On January 7, writer Kyriakos Haritos suffered a panic attack. A few days later, he wanted to share the experience with his online Facebook friends. “In all this I look for myself when I break down,” he wrote, among other things. “When did I break as a person? I think if I’m like this at 45, then how the hell will I be then (if I live to see that, of course). I ask the neighbors if we are the same, to feel like a single whole. And share the shame of not being strong.”
What follows is a stream of hopeful and encouraging comments, advice on vitamins and supplements, on top of incoming messages in which other friends and acquaintances, real and digital, come out of their shells to share their stories. For several hours, Kharitos is not alone in what he has been through. The horror will subside, waves of tenderness will overwhelm his soul, the fear counter will reset to zero, almost.
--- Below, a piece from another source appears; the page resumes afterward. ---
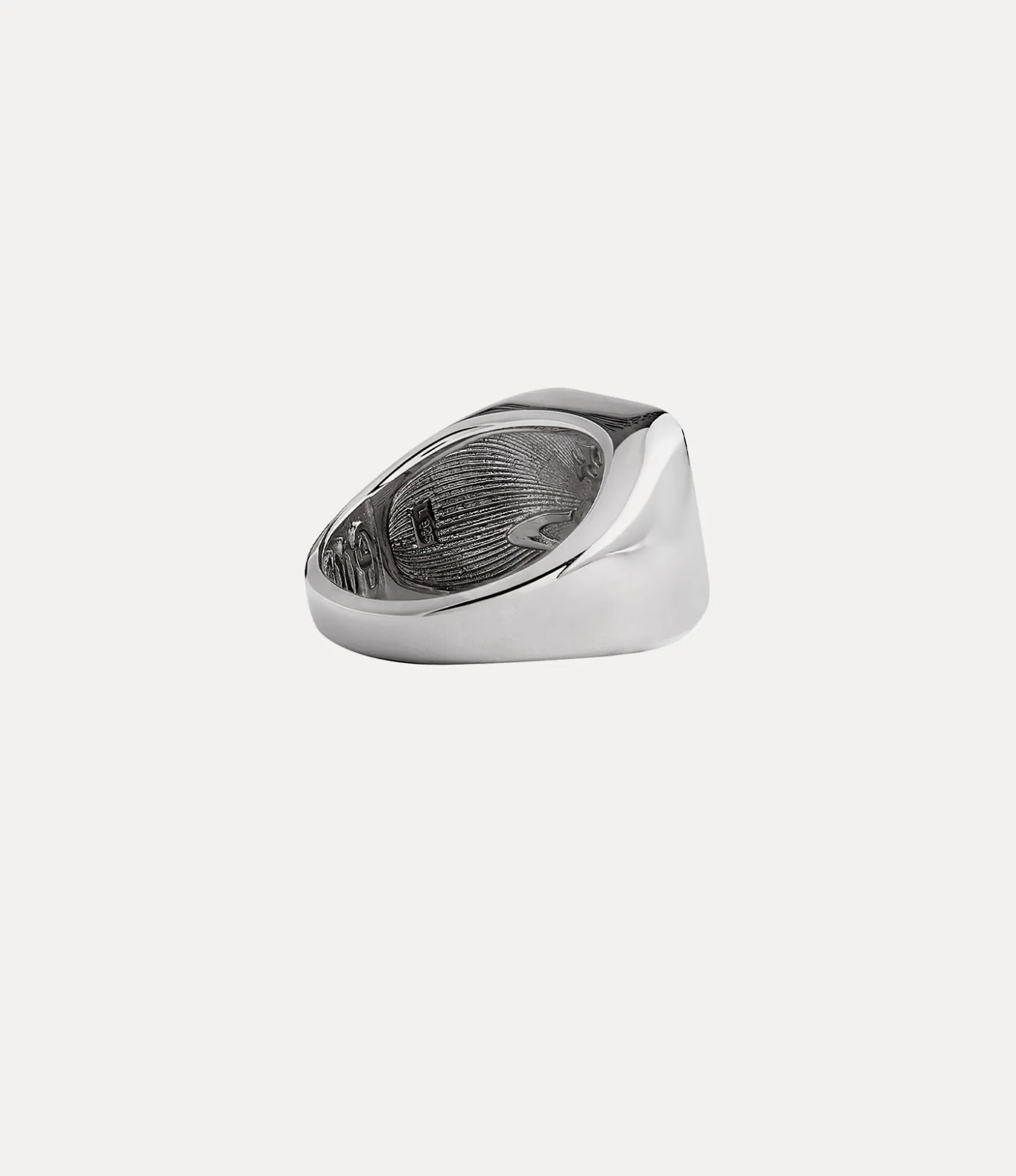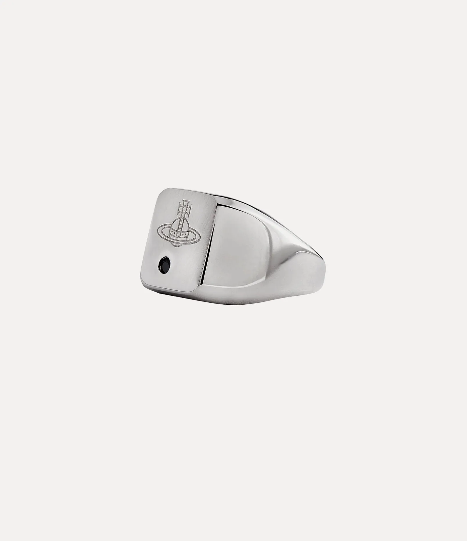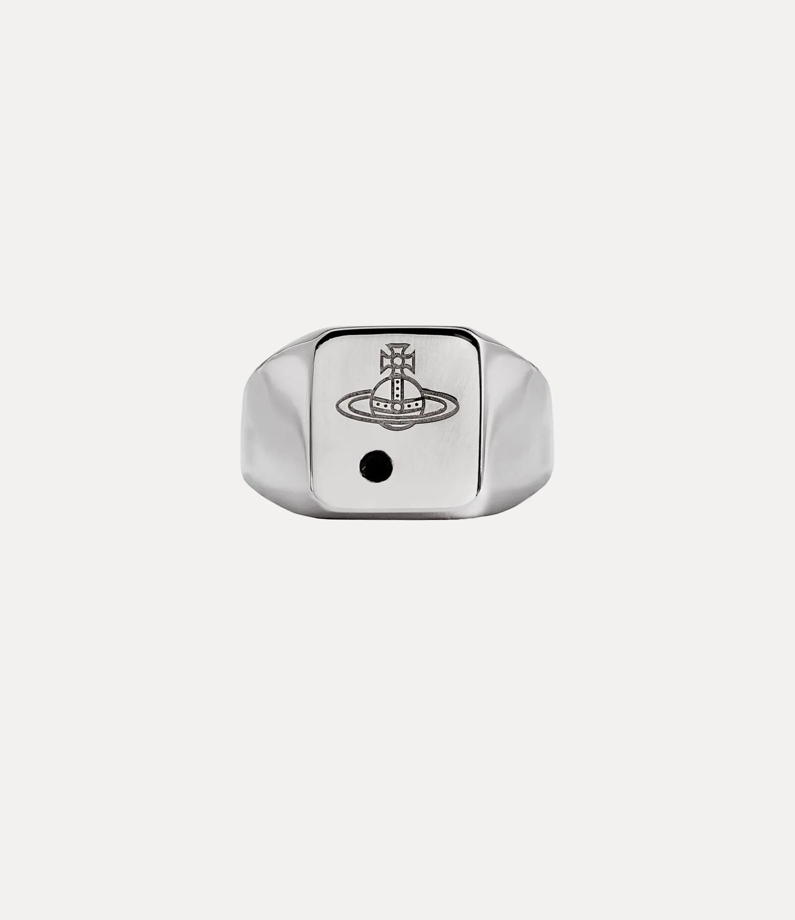 Our Carlo ring features a classic signet silhouette, complete with a platinum-tone finish. The square-shaped face is adorned with a black crystal detail, enhanced by an engraved orb motif – synonymous with Vivienne’s vision of taking tradition into the future.

I can think of people in my timeline who over the past year or two have not hesitated to jump into personalities and revelations from time to time. Bringing complex personal issues into the semi-public light of social media: bereavement, health issues, mental issues. None of them fall into the “attention whores” category. But it looks like the pandemic has accelerated a process that began before the health crisis and lockdowns brought on by successive lockdowns: releasing the heartache. Pandemic quote “It’s okay. not be okay.” (“It’s okay not to be okay”) pierced Western societies like an electric current and gave the normally extroverted Greeks the boost they needed to speak in an unusually personal tone. Somehow, Facebook and Instagram, and younger platforms like TikTok, are turning into an informal psychoanalytic couch. In general, the prevailing opinion, sweet to our Mediterranean ears, is that it’s good to “piss them off”, but is that enough? In this regard, we wanted to ask mental health experts, psychiatrists and psychologists how helpful and how profound these online confessions really are.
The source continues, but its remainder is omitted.